Binary Trees
- Reading time
- 2 min read
- Word count
- 356 words
- Diagram count
- 0 diagrams
Source: Victor Bona's Obsidian Compendium snapshot, Knowledge base/Data Structures/Binary Trees.md.
A Binary Tree is a hierarchical data structure in which each node has at most two children, referred to as the left child and right child.
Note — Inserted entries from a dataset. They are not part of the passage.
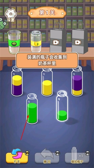点击那只装有绿色液体的瓶子,瓶内的绿色液体便会被收集到相应的奶茶杯中。
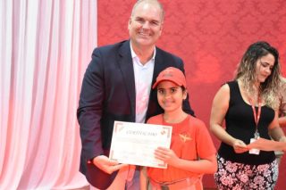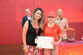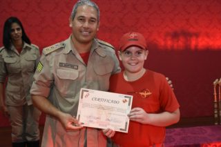 O 10º Batalhão Bombeiro Militar promoveu na noite de quarta-feira, 28, em Catalão, no auditório do Itego Labibe Faiad a formatura da 5ª turma do Programa Educacional Bombeiro Mirim – Proebom . A cerimônia foi presidida pelo Tenente Coronel Warley Martins de Sousa e contou com a participação de autoridades civis, militares e familiares dos formandos. O Proebom é um programa social do CBMGO que visa fortalecer nas crianças os princípios morais e éticos, além de proporcionar a elas noções de conhecimentos básicos nas áreas de atuação da Corporação, como primeiros socorros, combate a incêndio, nós e amarrações. Participaram do projeto 40 crianças entre 10 e 12 anos. O projeto teve o patrocínio da CMOC Internacional.
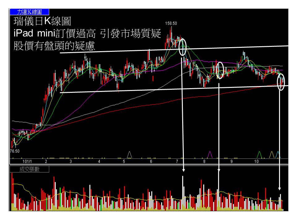 2012年稅後EPS約12.6元,2013年稅後EPS約12.7元,換言之,未來成長率不高,目前本益比約10倍屬合理,既然如此,就表示如果大盤沒有往上拉高空間的話,那就得先拉回,以便創造將來上漲的空間。
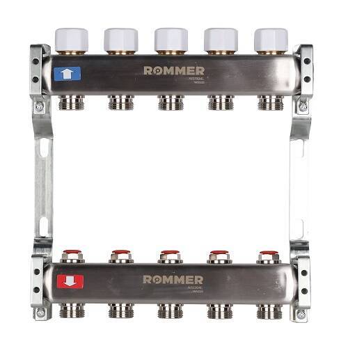 Коллекторная группа для радиаторного отопления ROMMER RMS3200 - 1" на 5 контуров 3/4"EK
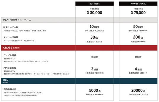 「BACKYARD(TM)」新サービスプラン「ITEM PLAN(商品管理プラン)」
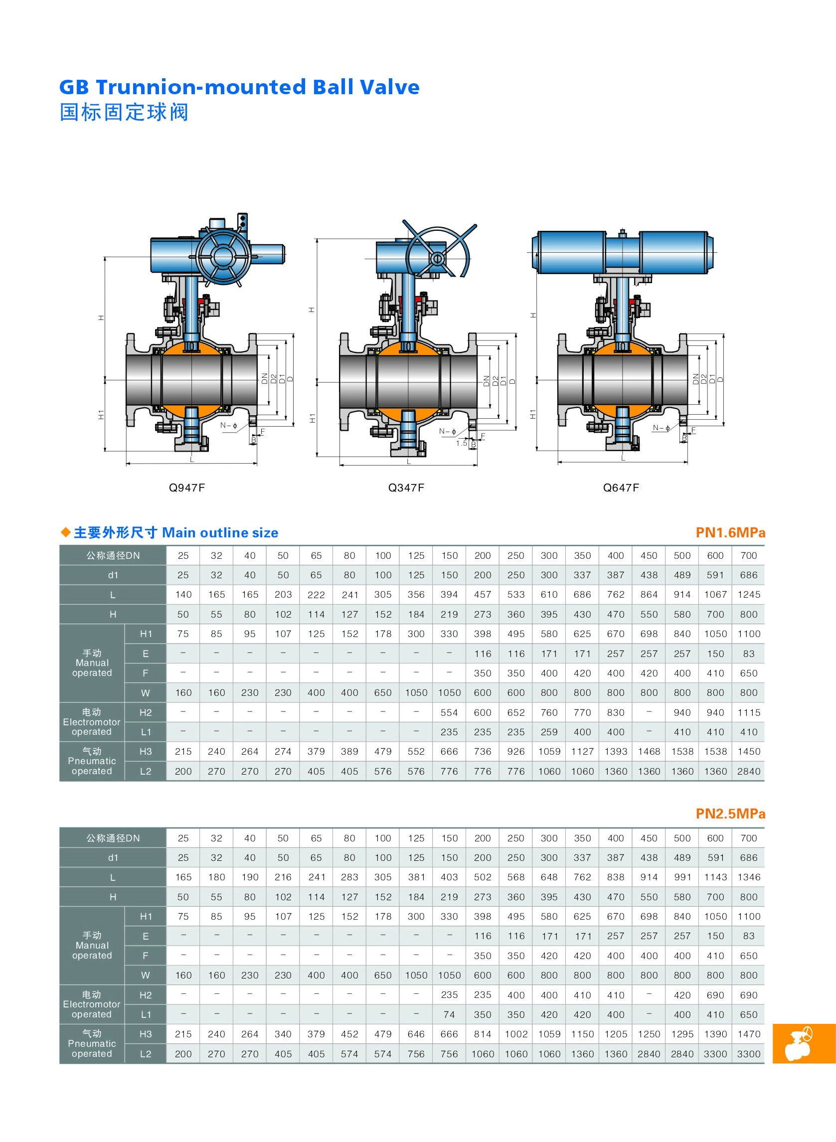 Q347Y-16/25C大口径金属硬密封固定式球阀是新一代高性能球阀,适用于长输管线和一般工业管线,其强度、安全性、耐恶劣环境性等在设计时进行了特殊考虑,适用于各种腐蚀性和非腐蚀性介质。它与浮动球阀相比,工作时,阀前流体压力在球体上产生的作用力全部传递给轴承,不会使球体向阀座移动,因而阀座变形小,密封性能稳定、使用寿命长,适用于高压、大口径场合。先进的弹簧预阀座组件,具有自紧特性,实现上游密封。每阀有两个阀座,每个方向都能密封因而安装没有流向限制,是双向。本阀有二块式和三块式两种阀体结构,中法兰用螺栓连接,密封采用增强聚四氟乙烯镶入不锈钢圈内,钢圈后部设有弹簧保证阀座紧贴球体,保持密封。上下阀杆均设有PTFE轴承,减少磨擦,操作省力,小轴底部没有调整片,保证球与密封圈的接处位置。采用全通径的结构使阀门流量孔么与管线内径一致,以便管线清扫。

Binary trees form the foundation for many important data structures like BSTs, heaps, and expression trees.
- Intent: Represent hierarchical relationships with a branching factor of two, enabling efficient recursive algorithms.
- Use Cases: Expression parsing, decision trees, file systems, Huffman coding, syntax trees, game trees (minimax), hierarchical data representation.
- Key Properties:
- Each node has at most 2 children
- One designated root node
- Each node has exactly one parent (except root)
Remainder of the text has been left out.